■ Task brief ■
Lower down are entries containing pictures. Copy exactly, without those pictures, the lines from the line with "Buy Printable OR" through the line with "04/05/2017Premio Women Value".

■ Records supplied ■
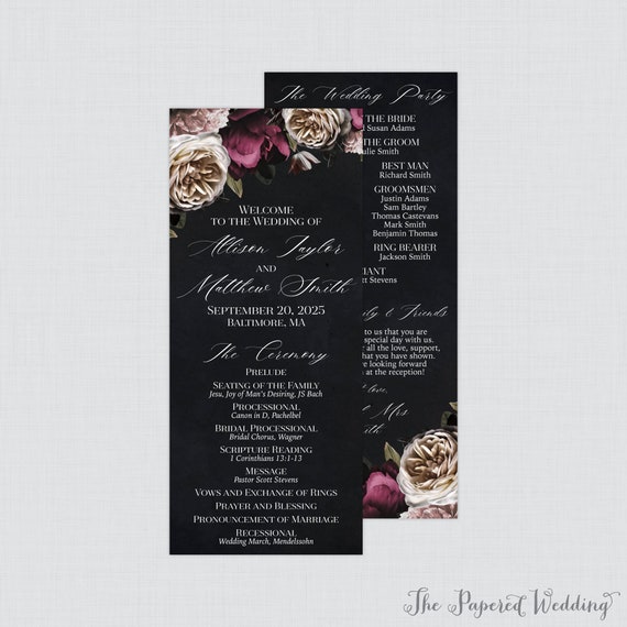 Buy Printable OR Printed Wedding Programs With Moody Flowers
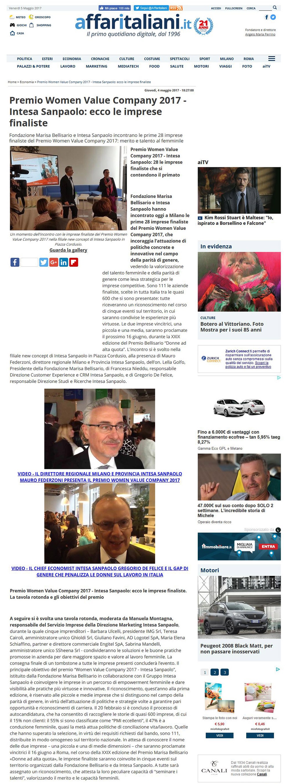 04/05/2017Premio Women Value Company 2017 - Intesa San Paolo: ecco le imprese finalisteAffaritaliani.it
...
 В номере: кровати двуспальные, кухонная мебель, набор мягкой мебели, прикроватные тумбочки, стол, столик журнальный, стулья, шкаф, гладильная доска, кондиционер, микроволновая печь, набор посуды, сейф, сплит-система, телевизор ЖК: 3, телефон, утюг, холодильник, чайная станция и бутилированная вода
==
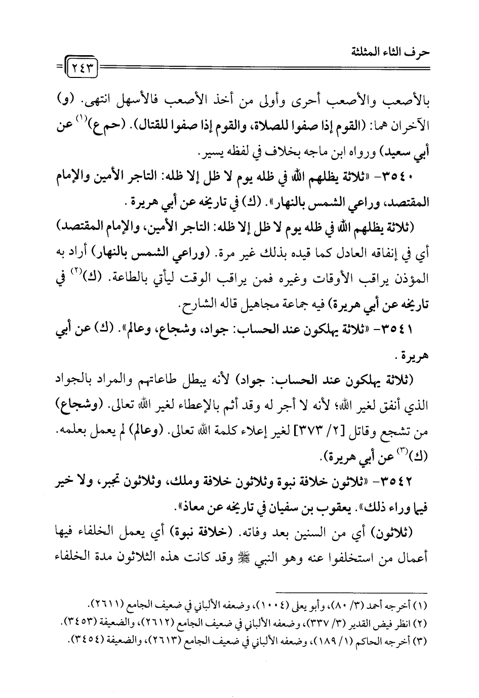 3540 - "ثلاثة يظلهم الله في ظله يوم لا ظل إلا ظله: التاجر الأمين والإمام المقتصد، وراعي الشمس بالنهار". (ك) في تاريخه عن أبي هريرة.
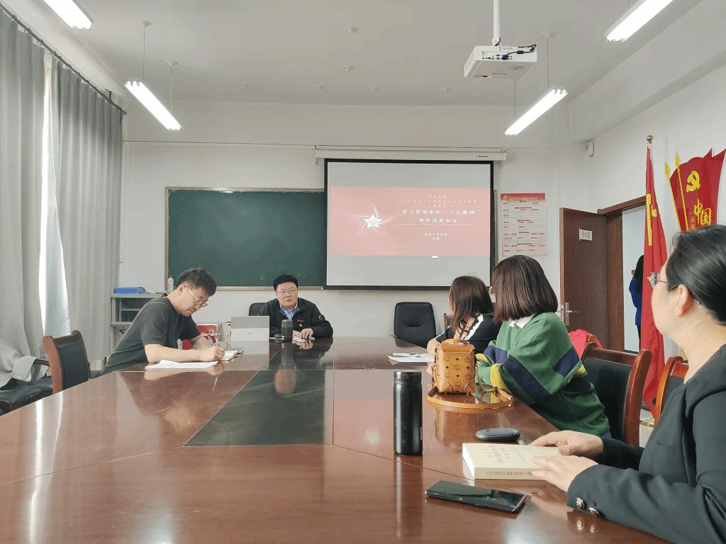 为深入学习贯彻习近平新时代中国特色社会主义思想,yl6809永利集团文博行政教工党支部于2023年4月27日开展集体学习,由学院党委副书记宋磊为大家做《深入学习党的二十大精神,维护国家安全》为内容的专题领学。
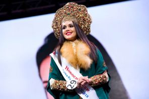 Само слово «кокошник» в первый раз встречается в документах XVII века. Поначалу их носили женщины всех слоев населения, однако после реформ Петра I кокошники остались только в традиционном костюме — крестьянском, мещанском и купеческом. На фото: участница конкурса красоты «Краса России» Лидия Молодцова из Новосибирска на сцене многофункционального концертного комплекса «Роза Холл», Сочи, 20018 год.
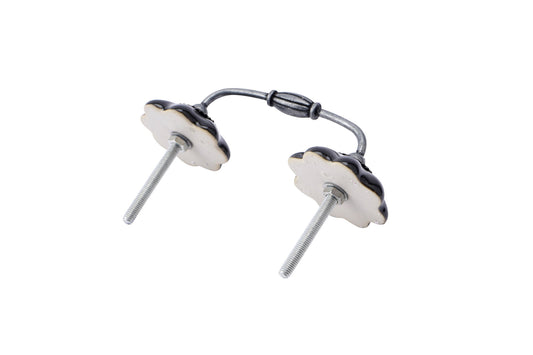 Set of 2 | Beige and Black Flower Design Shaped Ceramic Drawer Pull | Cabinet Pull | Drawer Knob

■ Written solution ■
 Buy Printable OR Printed Wedding Programs With Moody Flowers
 04/05/2017Premio Women Value Company 2017 - Intesa San Paolo: ecco le imprese finalisteAffaritaliani.it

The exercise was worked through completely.